=== THE DATA ===
────────────────────

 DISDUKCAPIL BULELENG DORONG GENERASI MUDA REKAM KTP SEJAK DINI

────────────────────

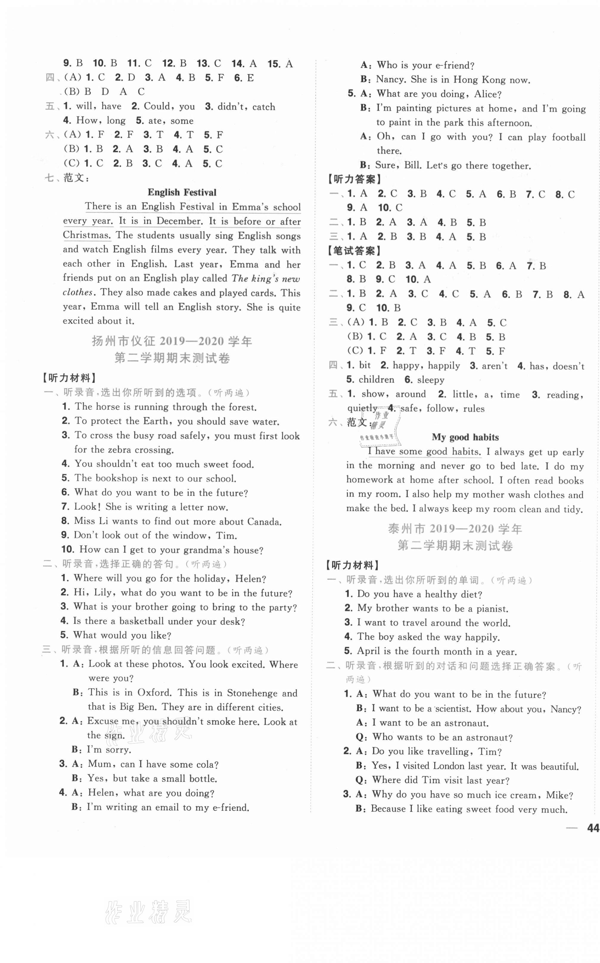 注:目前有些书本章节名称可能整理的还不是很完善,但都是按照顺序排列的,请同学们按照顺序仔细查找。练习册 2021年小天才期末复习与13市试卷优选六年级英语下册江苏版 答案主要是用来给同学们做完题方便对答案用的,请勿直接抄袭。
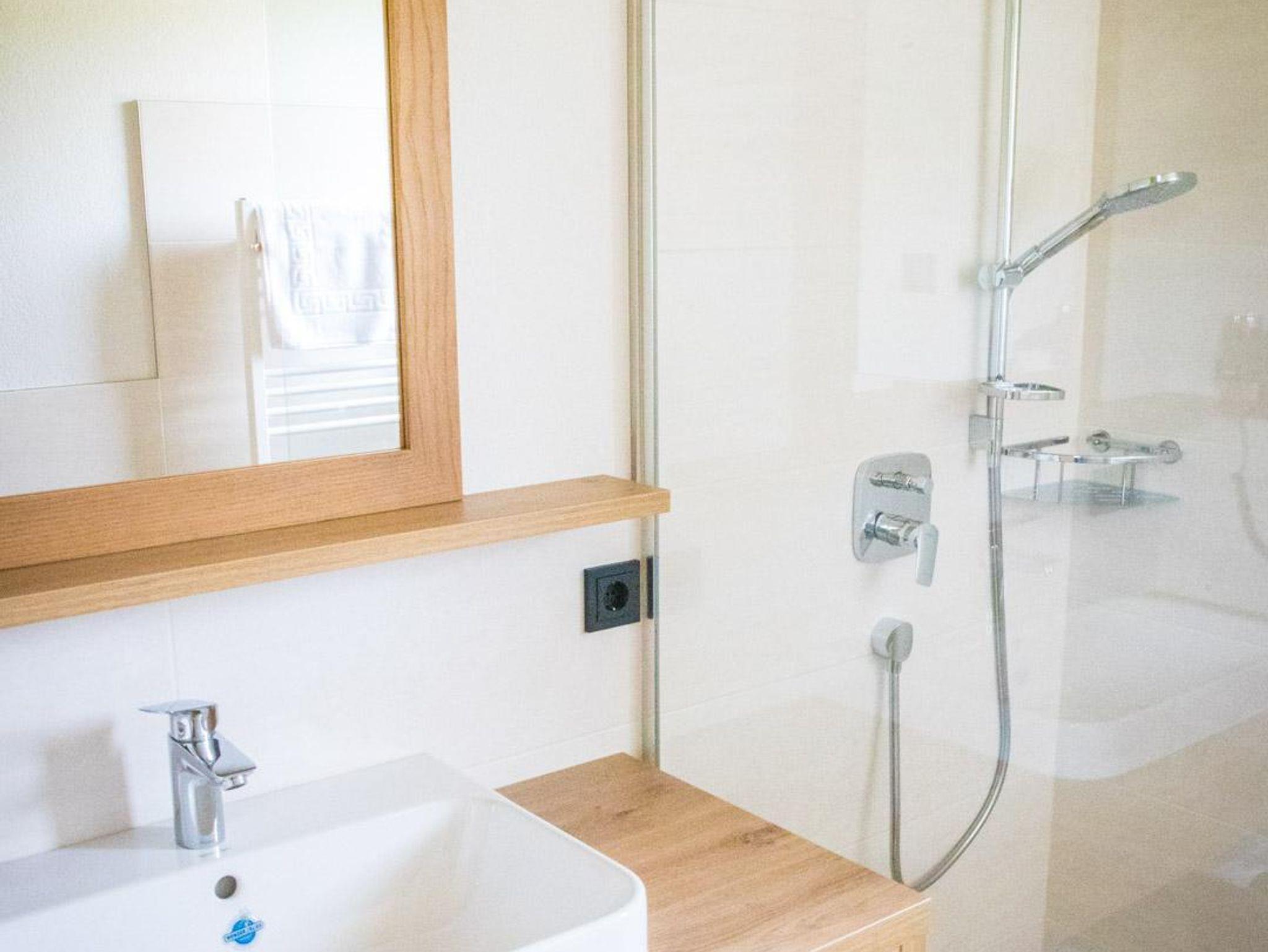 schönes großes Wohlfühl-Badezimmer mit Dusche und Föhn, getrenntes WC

────────────────────

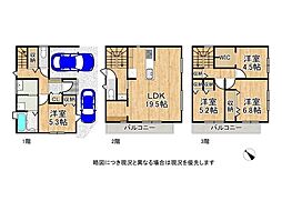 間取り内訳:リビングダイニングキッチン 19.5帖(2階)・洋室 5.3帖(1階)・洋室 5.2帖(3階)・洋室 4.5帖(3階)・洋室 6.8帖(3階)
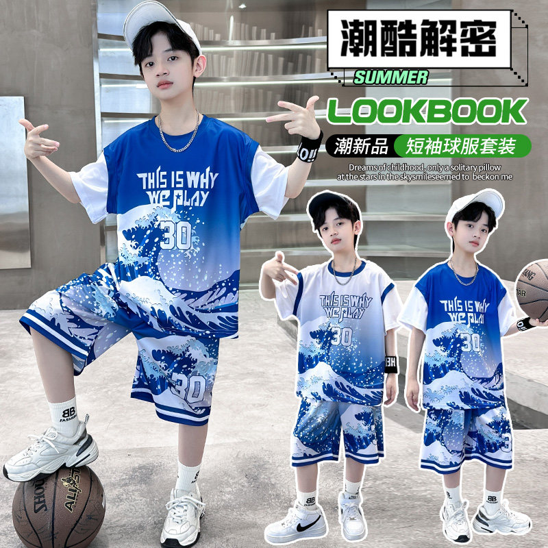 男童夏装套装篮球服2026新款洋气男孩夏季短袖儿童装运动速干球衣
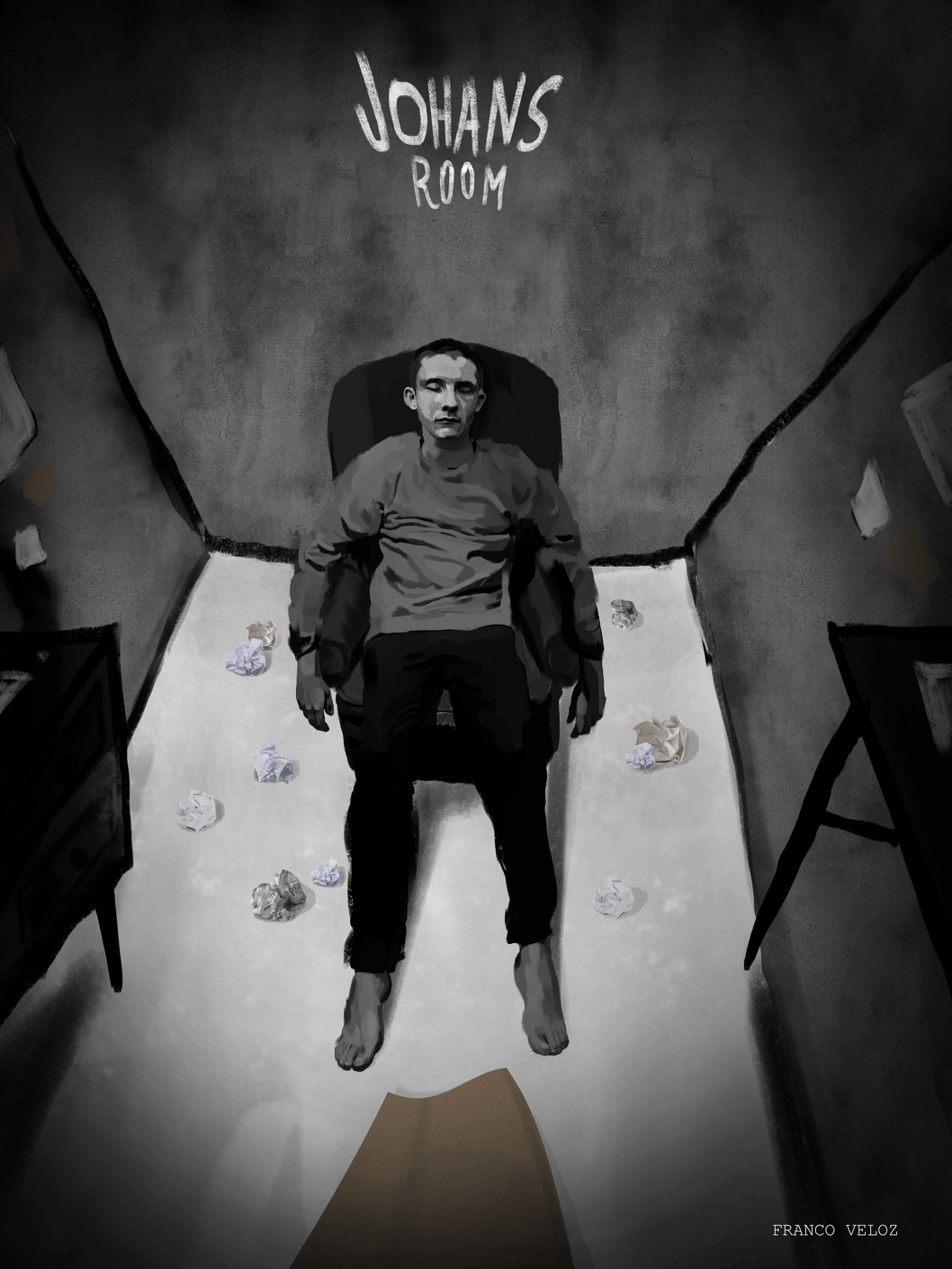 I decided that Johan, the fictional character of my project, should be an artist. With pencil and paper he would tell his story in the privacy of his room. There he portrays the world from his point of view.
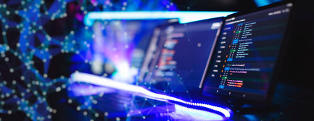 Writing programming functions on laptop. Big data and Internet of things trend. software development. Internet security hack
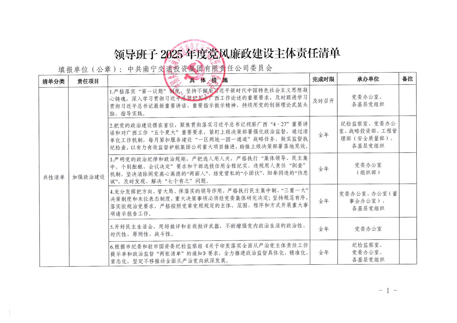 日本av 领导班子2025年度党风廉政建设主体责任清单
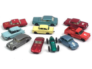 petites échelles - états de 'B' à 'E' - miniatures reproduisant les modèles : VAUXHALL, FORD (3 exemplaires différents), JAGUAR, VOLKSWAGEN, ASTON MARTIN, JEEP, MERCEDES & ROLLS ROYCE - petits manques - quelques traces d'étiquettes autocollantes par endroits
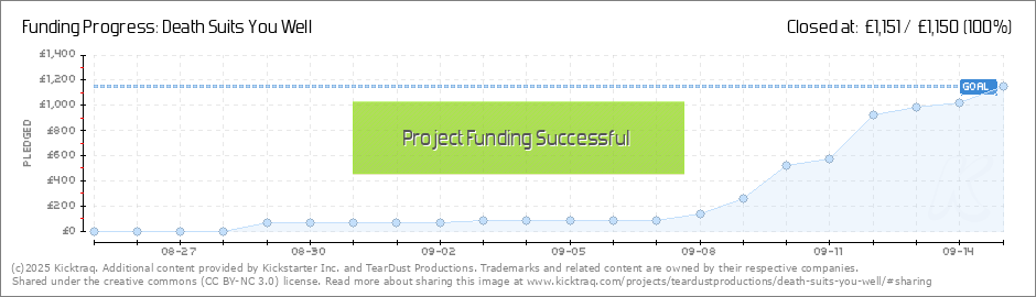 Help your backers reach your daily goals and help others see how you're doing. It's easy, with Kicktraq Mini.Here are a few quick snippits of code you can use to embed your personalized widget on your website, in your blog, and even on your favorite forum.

────────────────────

=== WHAT YOU WILL DO ===
Would you transcribe the lines above exactly, going from the line bearing "I decided that" through the line bearing "Help your backers", and drop the pictures from the copy?

=== WRITTEN RESPONSE ===
 I decided that Johan, the fictional character of my project, should be an artist. With pencil and paper he would tell his story in the privacy of his room. There he portrays the world from his point of view.
 Writing programming functions on laptop. Big data and Internet of things trend. software development. Internet security hack
 日本av 领导班子2025年度党风廉政建设主体责任清单
 petites échelles - états de 'B' à 'E' - miniatures reproduisant les modèles : VAUXHALL, FORD (3 exemplaires différents), JAGUAR, VOLKSWAGEN, ASTON MARTIN, JEEP, MERCEDES & ROLLS ROYCE - petits manques - quelques traces d'étiquettes autocollantes par endroits
 Help your backers reach your daily goals and help others see how you're doing. It's easy, with Kicktraq Mini.Here are a few quick snippits of code you can use to embed your personalized widget on your website, in your blog, and even on your favorite forum.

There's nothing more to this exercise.